Task lists complement on-the-fly agent decision-making with explicit planning that we can reason through. You can see what the agent planned to do, what it actually did, and where it diverged from the plan. The decomposition strategy becomes something you can analyze and verify rather than a black box emerging from a series of tool calls. This visibility provides the foundation for incremental improvements - we can finally ask “is this the right plan?” rather than just “did it work this time?” There’s still a lot of work to do in this area like being able to trace the elements of an agent plan back to the context which informed it so that we’re not just fixing the plan but also refining the context.

Making agent systems maintainable

The combination of visible planning and task decomposition leads to systems we can improve over time. Subagents with clear interfaces can be swapped out for alternatives or reused across different contexts. Task lists make it possible to identify exactly where an agent’s approach went wrong and adjust either the planning strategy or the execution.

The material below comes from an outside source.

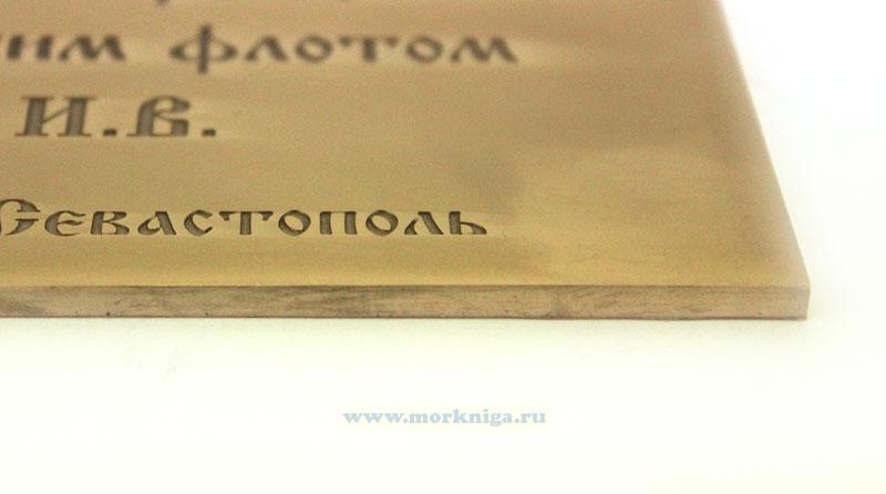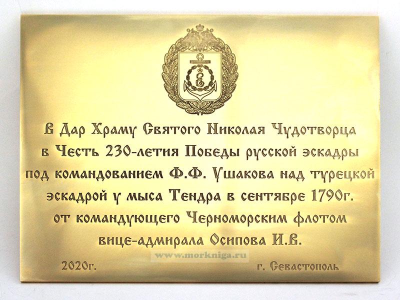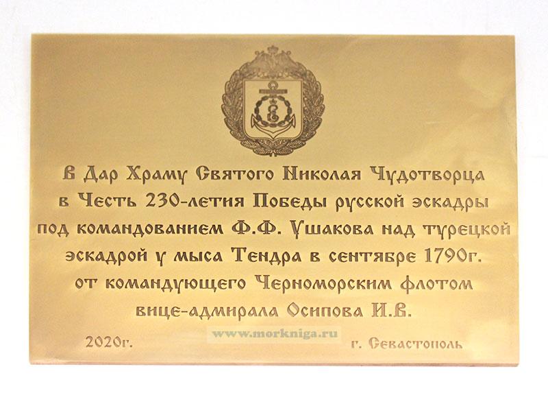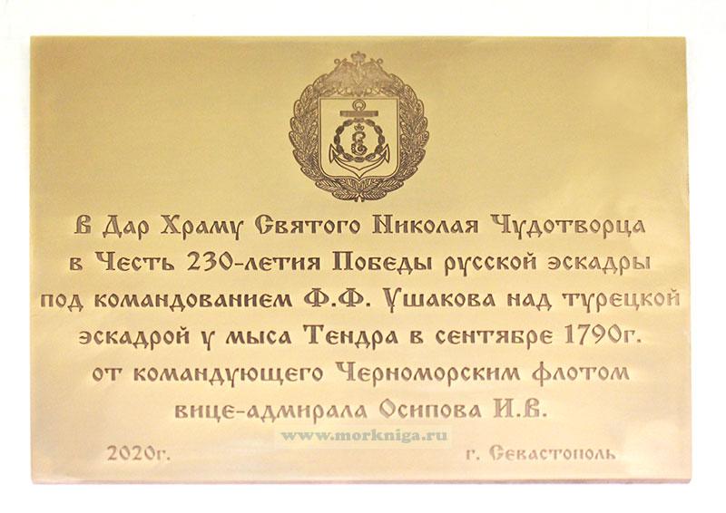 Морская табличка с надписью «В Дар Храму Святого Николая Чудотворца в Честь 230-летия Победы русской эскадры под командованием Ф.Ф. Ушакова над турецкой эскадрой у мыса Тендра в сентябре 1790 г. от командующего Черноморским флотом вице-адмирала Осипова И.В.».

But the broader challenge of agent maintainability remains. Dijkstra emphasized that structured programming wasn’t just about making code run but about making code that you could prove was correct and maintain over time. Similarly, structured prompting isn’t just about getting agents to complete tasks once, but about creating systems we can systematically validate and improve. This requires more than just better abstractions. We need ways to review long agent trajectories, update prompts based on what we learn, and track which changes improve performance. Once we have tools that help us debug natural language specifications, how do we refactor them and improve them? These practices for iterative refinement of agent systems are still emerging.

Developing these new tools and abstractions will define how we build with AI for the next fifty years. As Dijkstra recognized, the fundamental challenge remains the same across eras: how do we organize complexity in ways that humans can understand, maintain, and reason about? I believe that the answer involves the same core concepts whether you’re writing assembly instructions on punch cards or orchestrating AI agents with prompts.